## Activity
Return nothing but the lines from the line with "Каликст III ( Гравюра" through the last line of the entries that follow, copied exactly and free of pictures.

## Source material

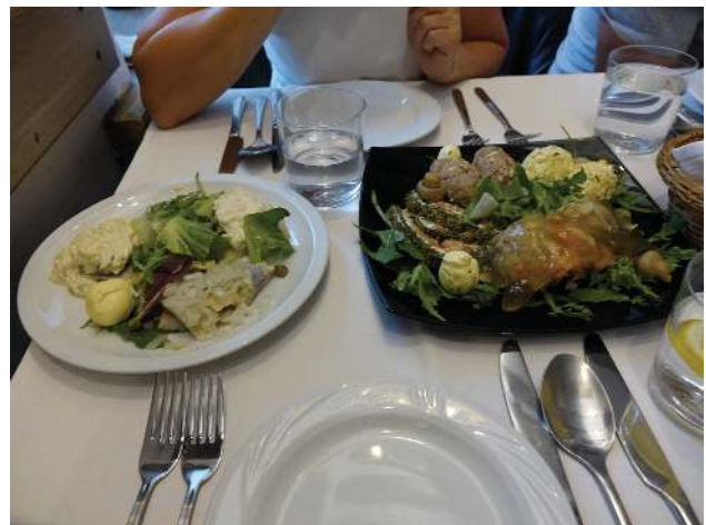
Polnische Küche auf hohem Niveau

Am Abend speisen wir in einem alteingesessenen polnischen Lokal in der Alt-/Neustadt, sehr reichlich und sehr gut. PodSamsonem! Wir essen wie die Helden.
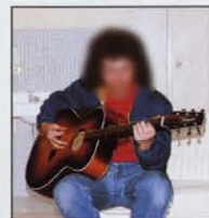
★STEVE LUKATHER/TOTO/U. S. A.

★トップ=ローズウッド ★サイド&バック=アッシュ ★フィンガーボード=ローズウッド ★ブリッジ=ローズウッド ★ネック=マホガニー ★マシヘッド=三浦コールド ★ピックアップ=PALATHETIC® ★コントロール=ゲインX1 トレブルX1 ベースX1 ★カラー=ナチュラル(N)
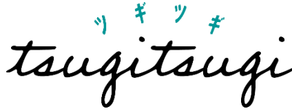
▲定額制宿泊サービス「ツギツギ」ロゴ
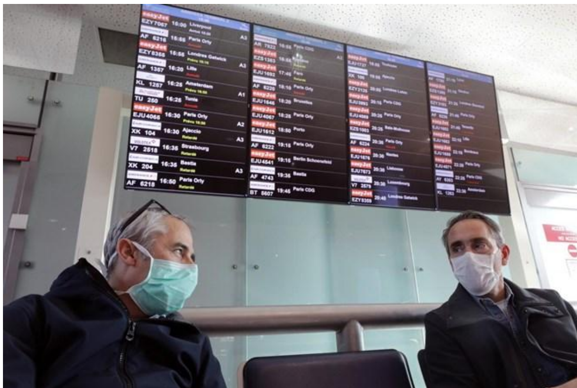
Imagem do mês
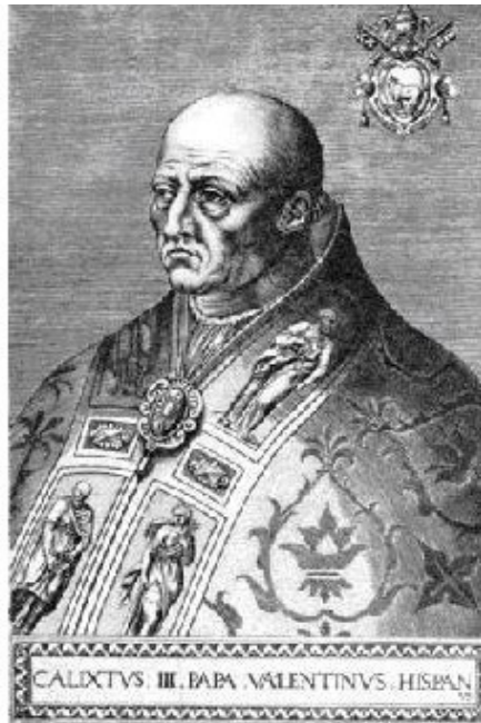
Каликст III ( Гравюра из собрания Онуфριο Панвинио, 1568 )

Родриго Борджиа приблизился к нему на шаг, так что тот почти испугался.
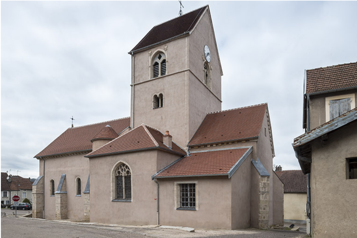
Vue latérale depuis la rue des Ecoles.
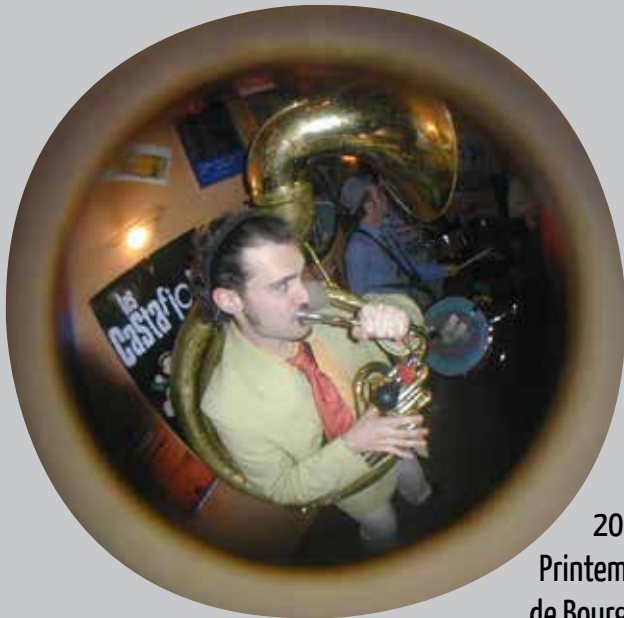
2004 Printemps de Bourges
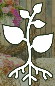
Bloemen & planten
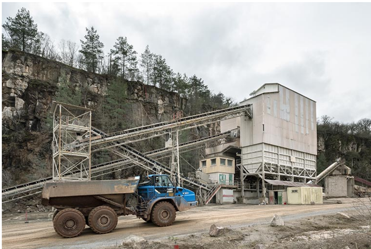
Nouvelles installations : poste de concassage, avec camion.

## Task answer
Каликст III ( Гравюра из собрания Онуфριο Панвинио, 1568 )

Родриго Борджиа приблизился к нему на шаг, так что тот почти испугался.
Vue latérale depuis la rue des Ecoles.
2004 Printemps de Bourges
Bloemen & planten
Nouvelles installations : poste de concassage, avec camion.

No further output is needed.